I hope that one of the developers would be able to share information on how current implementation of spline components works under the hood.

More specifically what kind of class of curves is used - is it one of the Bézier, Cubic Hermite or maybe Catmull-Rom?

What is the mathematical relationship between tangents of control points - how they affect curve? Answer to this can be obvious from class of curve but maybe tangents are derived from some other parameters, just to make them easier to manipulate visually.

I could solve my problem by implementing my own splines, but there are so much functionality behind them already that it would be like re-inventing the bicycle.

The reason why I’m asking is that I need to develop (or find) an algorithm to manipulate looped spline with length constraint.

To illustrate this:

When control points at the bottom change their position, total length of the spline becomes longer or shorter, which is undesirable.

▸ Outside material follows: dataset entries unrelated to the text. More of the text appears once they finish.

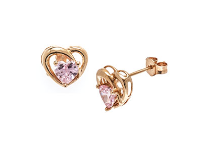 Pink Heart Earring-Studs Gold ES00035.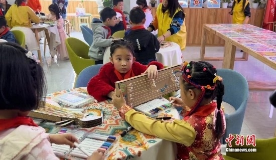 小朋友們用環(huán)保材料制作“民族樂器”。中新網(wǎng)記者 劉湃 攝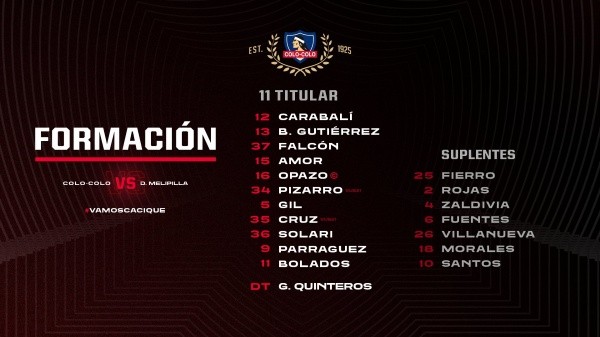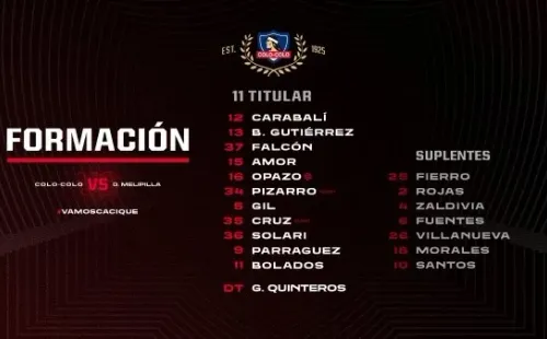 Revisa las formaciones de Colo Colo y Deportes Melipilla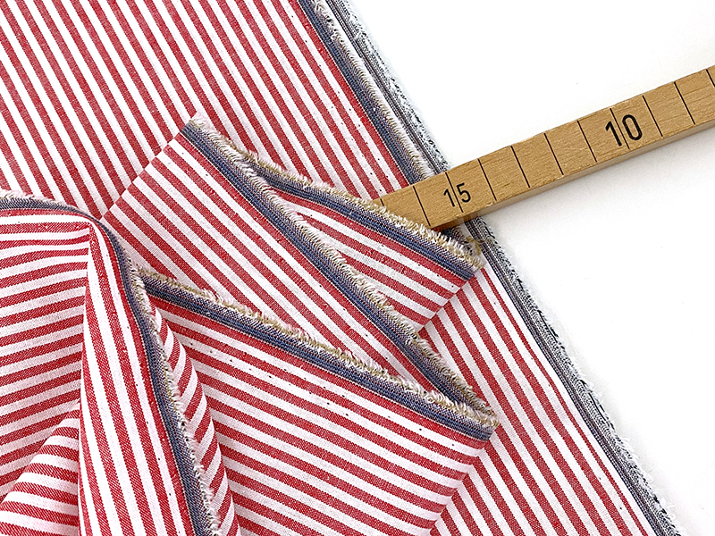 Ein wunderschöner Klassiker! Schmale Streifen in (Denim-) Rot und Weiß, durchgewebt und damit beidseitig identisch. Es handelt sich um eine Yarn Dyed Ware, d. h. das Garn wurde vor der Webung gefärbt.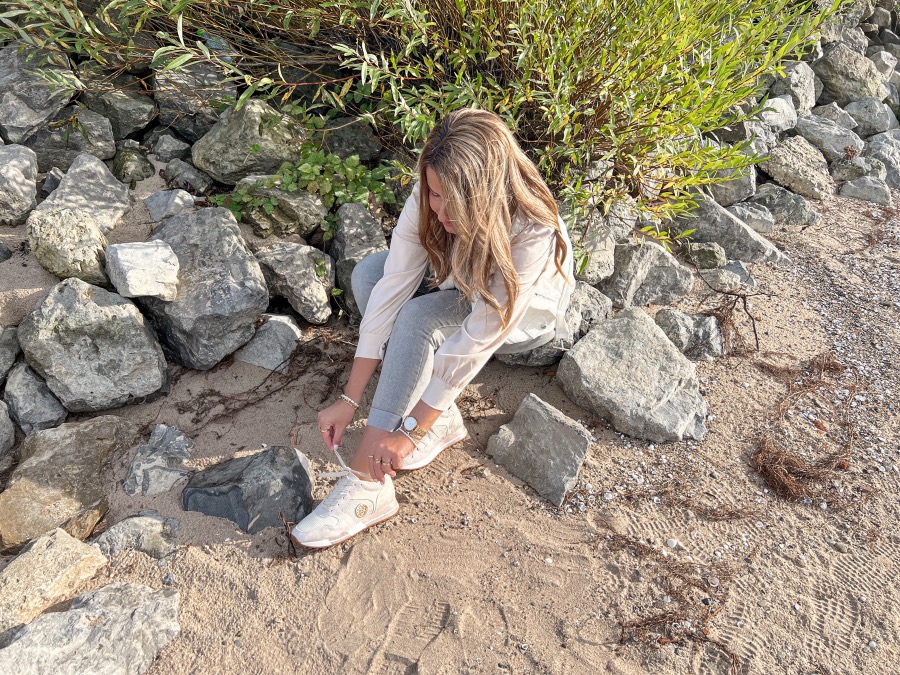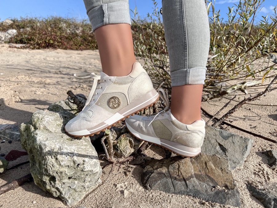LA STRADA SNEAKERS MET UITNEEMBAAR VOETBED | € 39,99 € 69,99Deze La Strada sneakers in een beige kleur zijn voorzien van goudkleurige details en dat is precies wat ik leuk vind. De sneakers hebben een goud logo aan de zijkanten en zijn voorzien van gouden glitters. Ik vind het zo mooi staan in combinatie met de beige kleur. Normaal gesproken ben ik echt van de witte sneakers maar een keer een ander kleurtje vind ik ook wel leuk. Daarnaast is beige net als wit een neutrale kleur die je met veel outfits kunt combineren. De sneakers zitten ontzettend comfortabel en hebben een uitneembaar voetbed wat ook wel goed is om te weten. Als je twijfelt tussen twee maten is het verstandig om een maat groter te bestellen.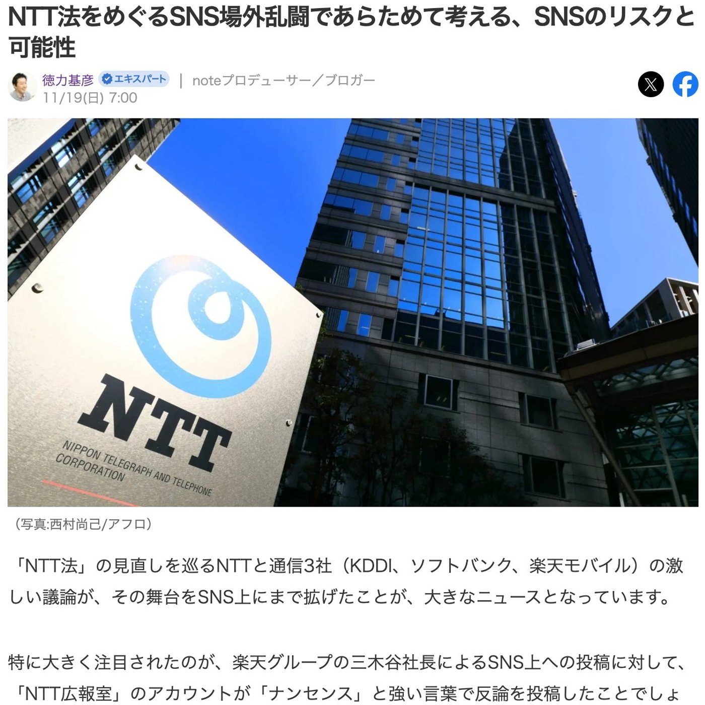 NTT法によるSNS場外乱闘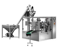 旋轉(zhuǎn)式給袋式自動包裝機適用于平面袋,自立袋,拉鏈袋等各種形狀的熱封的復(fù)合袋.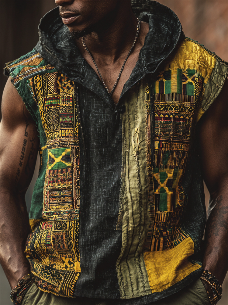Men's Reggae Lover Jamaica Flag Kente Patchwork Hooded Linen Tank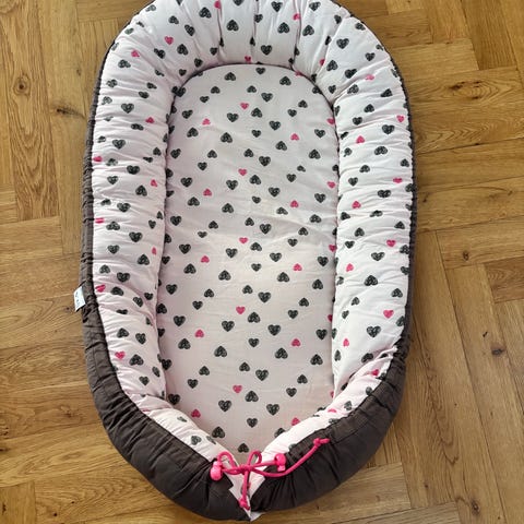 Babynest med blomstret mønster på indersiden og mørk stofkant. Designet til at give en tryg og komfortabel soveplads til babyer. Kan bruges i seng, vugge eller som en flytbar soveplads.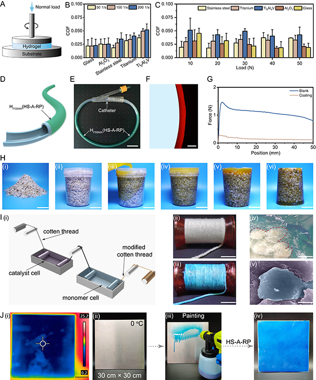 與傳統(tǒng)光/熱引發(fā)體系相比,HS-A-RP 制備的聚兩性離子水凝膠不僅具有更致密的網(wǎng)絡(luò)結(jié)構(gòu)和更好的機械性能,還展現(xiàn)出了優(yōu)異的抗溶脹、潤滑、抗菌和防污性能。通過HS-A-RP方法制備的聚兩性離子水凝膠既能夠作為功能涂層有效改善生物醫(yī)用器械的表面潤滑性,又能實現(xiàn)對熱敏材料和砂礫的原位封裝。此外,快速凝膠化和寬溫域內(nèi)可反應(yīng)的特性使HS-A-RP能夠在不同基底表面和極端穩(wěn)定環(huán)境條件下規(guī)?;苽渚蹆尚噪x子水凝膠涂層。該方法不僅為聚兩性離子水凝膠的化學合成提供了新途徑,還極大地拓展了其在生物醫(yī)療、工程裝備等領(lǐng)域應(yīng)用領(lǐng)域。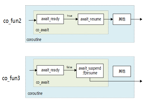 上例中,编写了一个满足awaitabble接口的await_op结构,由await_ transform返回,这是构造co_await expr的一种方法(另外一种见下例)。主要由于co_await的输入不同,await_ready的返回也不同,co_fun2, co_fun3的执行顺序如下图所示。
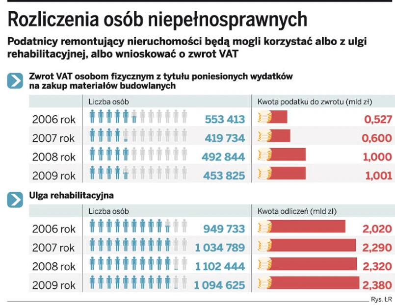 Podatnicy ponoszący wydatki na zakup materiałów budowlanych w związku z adaptacją (remontem) mieszkań do potrzeb niepełnosprawności mogą utracić podwójną preferencję podatkową, tj. możliwość odliczenia ulgi rehabilitacyjnej w PIT oraz uzyskania zwrotu VAT na materiały budowlane. Wprawdzie dziś otrzymanie takiego zwrotu zobowiązuje podatnika do pomniejszenia ulgi rehabilitacyjnej w zeznaniu podatkowym, jednak w praktyce przepis ten ma zastosowanie, gdy ulga odliczana jest za ten sam rok, w którym podatnik uzyskał zwrot. Biorąc pod uwagę, że wniosek o zwrot można składać w dowolnym czasie, a termin na dokonanie zwrotu do niedawna wynosił pół roku, a obecnie cztery miesiące, to w dużej części przypadków rok poniesienia wydatków na adaptację mieszkań nie pokrywa się z rokiem zwrotu VAT. W konsekwencji podatnik korzysta podwójnie. Zmianę tej sytuacji przewiduje projekt komisji Przyjazne Państwo. Modyfikuje on art. 45 ust. 3a ustawy o PIT, co skutkować będzie koniecznością doliczenia do dochodów kwoty otrzymanej ulgi, w przypadku gdy podatnik nawet w kolejnych latach otrzyma zwrot VAT z tytułu poniesienia wydatków na zakup tych samych materiałów budowanych.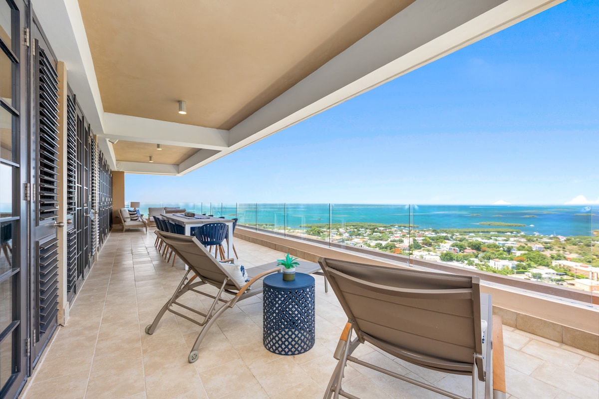 Located in an exclusive sector, first floor apartment with excellent ocean views from living room, master room and kitchen, balcony-terrace. It has wifi, cable, Roku, air conditioning in the rooms. Spacious rooms. The common area has a swimming pool. Equipped kitchen. It is located near excellent beaches, water activities places, bioluminescent bay, famous keys, restaurants and night activities.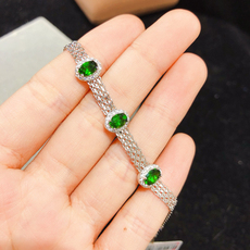 高品质起胶起荧光18K金镶嵌钻石天然和田玉碧玉苹果绿马眼手链
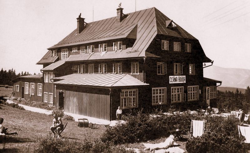 Historická kreslená pohlednice Černé boudy s popisem  autor: dupis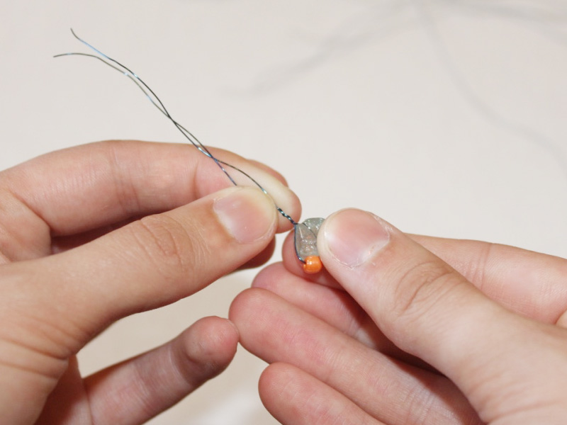 3: Twist the ends of the piece of wire together to hold the beads in place.
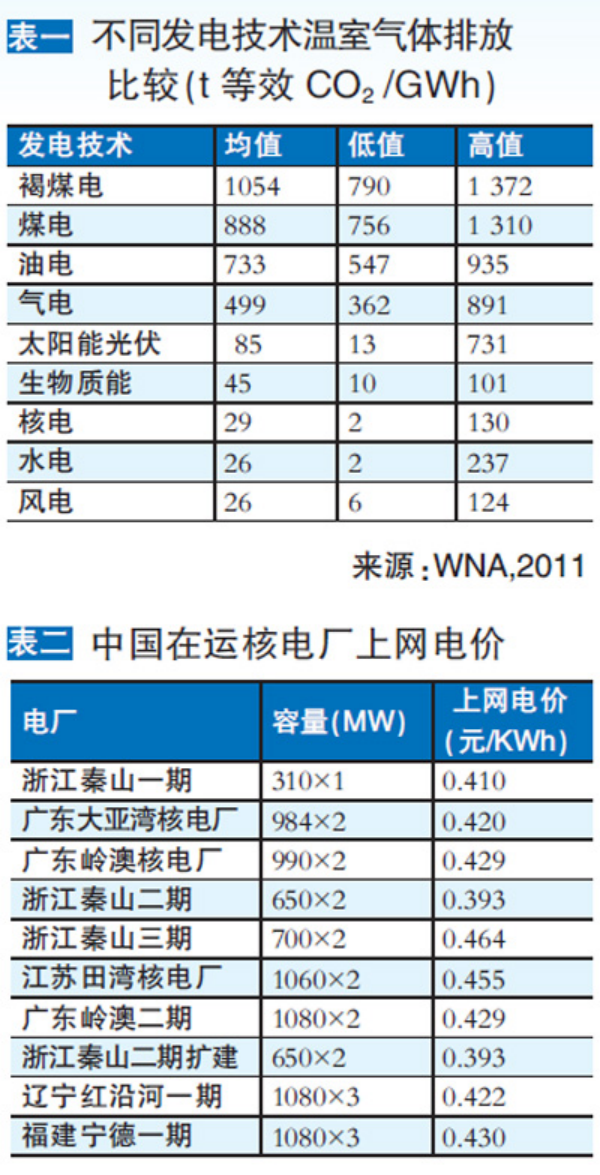 过程中会产生间接排放,其程度取决于不同的环节和所使用的技术。研究表明,即使在排放量最高的情况下,核电的间接排放仍比化石燃料发电的直接排放低一个数量级之多。与同等规模的风电或水电总排放量相比(见表一),核电都不失为一种真正意义上的低碳技术。
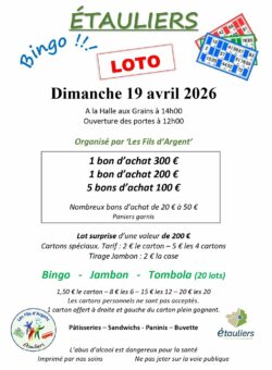 Grand Loto dimanche 19 avril 2026 – Salle des Fêtes ÉTAULIERS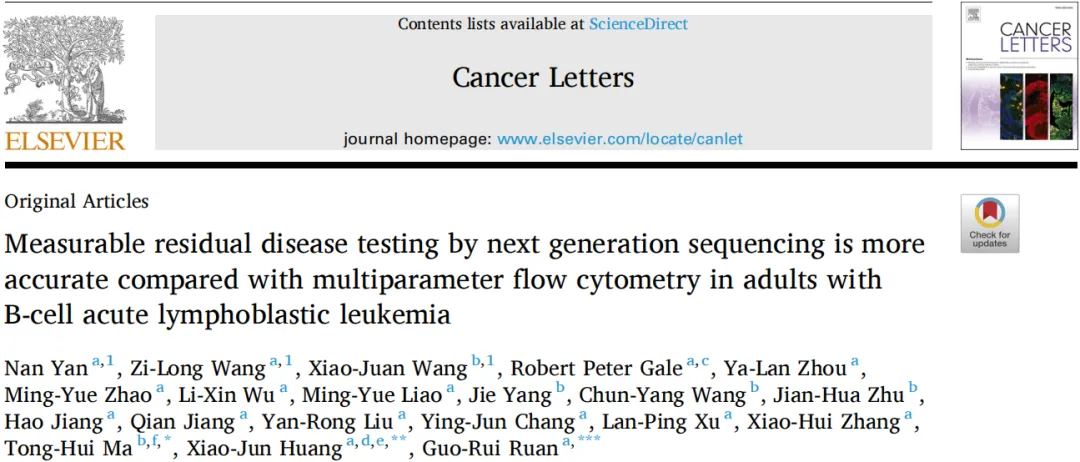 4、Yan N, Wang ZL, Wang XJ, et,al. Measurable residual disease testing by next generation sequencing is more accurate compared with multiparameter flow cytometry in adults with B-cell acute lymphoblastic leukemia. Cancer Lett. 2024 Jul 4;598:217104. doi: 10.1016/j.canlet.2024.217104.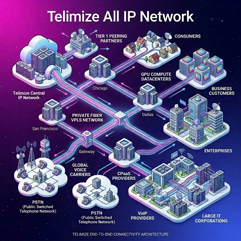 Telimize delivers high-performance voice connectivity through a secure and redundant VPLS infrastructure designed for telecom-grade operations.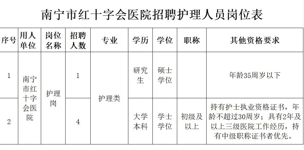 2025年南寧市紅十字會(huì)醫(yī)院招聘護(hù)理人員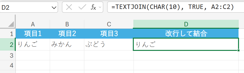 TEXTJOINの最大のメリットは、空白セルがあった際に見栄えを自動で整えてくれる点です。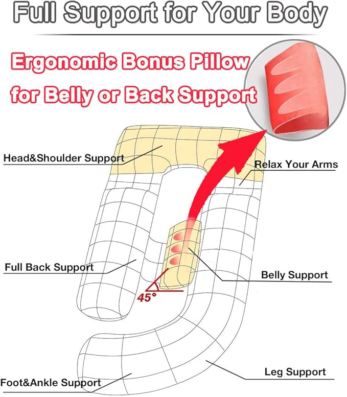 • Adults of all ages and sizes will benefit from our cozy pregnancy body pillow designed to embrace your total body while sleeping on your side, back or stomach

The purpose of the algorithm is to re-calculate positions and tangents of control points to conform to length constraint.

The idea is to have a several classes of control points:

- Static, which are locked into specific place with fixed tangents
- Static Position Scalable Tangents, locked into position but tangents can be scaled
- Restricted Position Scalable Tangent, this control points are allowed to move only in specific axis and their tangents can be scaled.

Right now I have an idea how to solve this iteratively but if I knew the math behind the current implementation of splines I could do it analytically.